Raw data
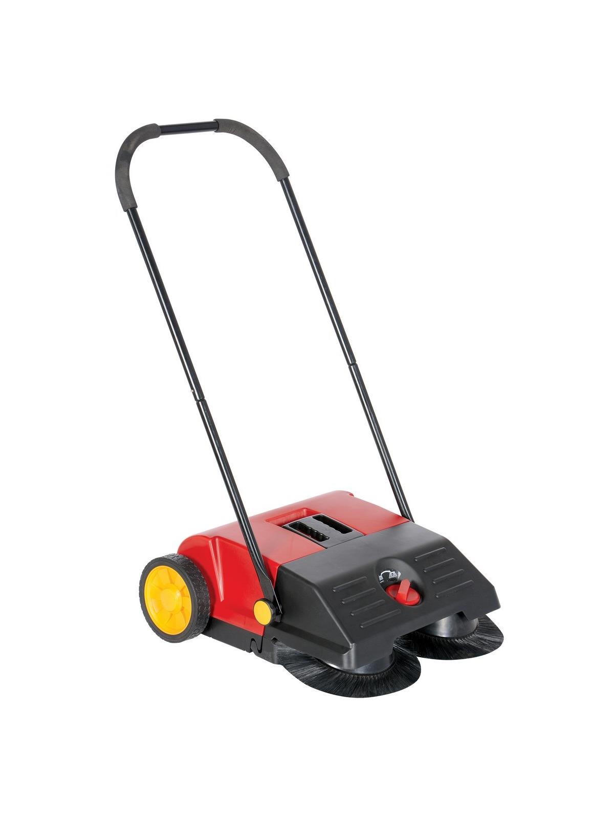 Use these sweepers anywhere, indoors or out, on concrete, asphalt, tile, and commercial carpets. Great for parking lots, gas stations, theaters, warehouses, schools, etc. The rotation of the wheels causes the brushes to rotate and pick up material. The side broom allows for cleaning along curbs, walls, and in corners. Contains no electric motor. FOB Shipping Point.
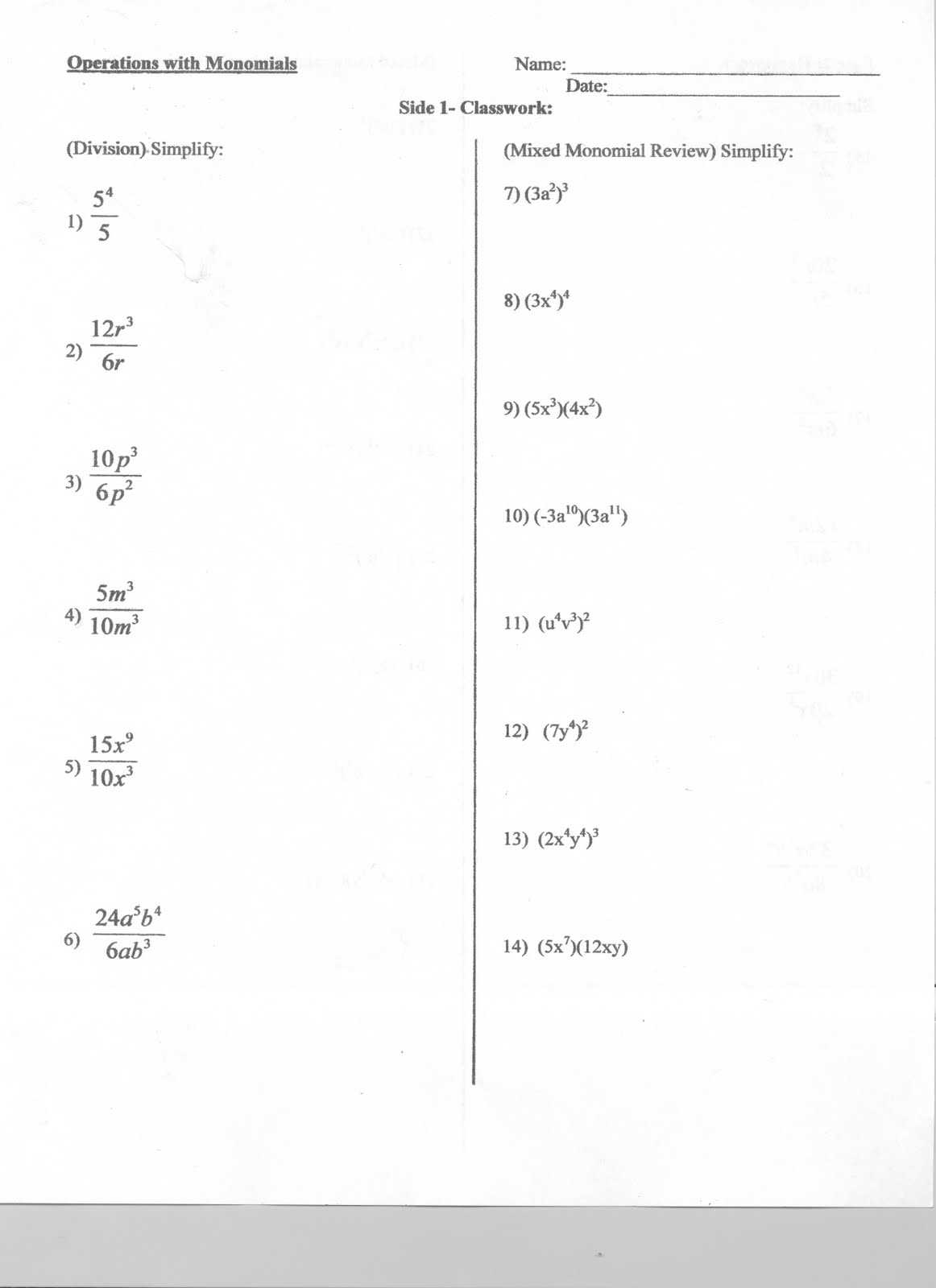 5 photos of the "Multiplying And Dividing Monomials Worksheet"
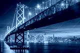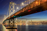 Western Span of San Francisco-Oakland Bay Bridge and San Francisco Waterfront in Blue Hour. Shot from Yerba Buena Island, San Francisco, California, USA.

What is needed
Exclude every image and return the material above exactly.

Exercise response
 Use these sweepers anywhere, indoors or out, on concrete, asphalt, tile, and commercial carpets. Great for parking lots, gas stations, theaters, warehouses, schools, etc. The rotation of the wheels causes the brushes to rotate and pick up material. The side broom allows for cleaning along curbs, walls, and in corners. Contains no electric motor. FOB Shipping Point.
 5 photos of the "Multiplying And Dividing Monomials Worksheet"
 Western Span of San Francisco-Oakland Bay Bridge and San Francisco Waterfront in Blue Hour. Shot from Yerba Buena Island, San Francisco, California, USA.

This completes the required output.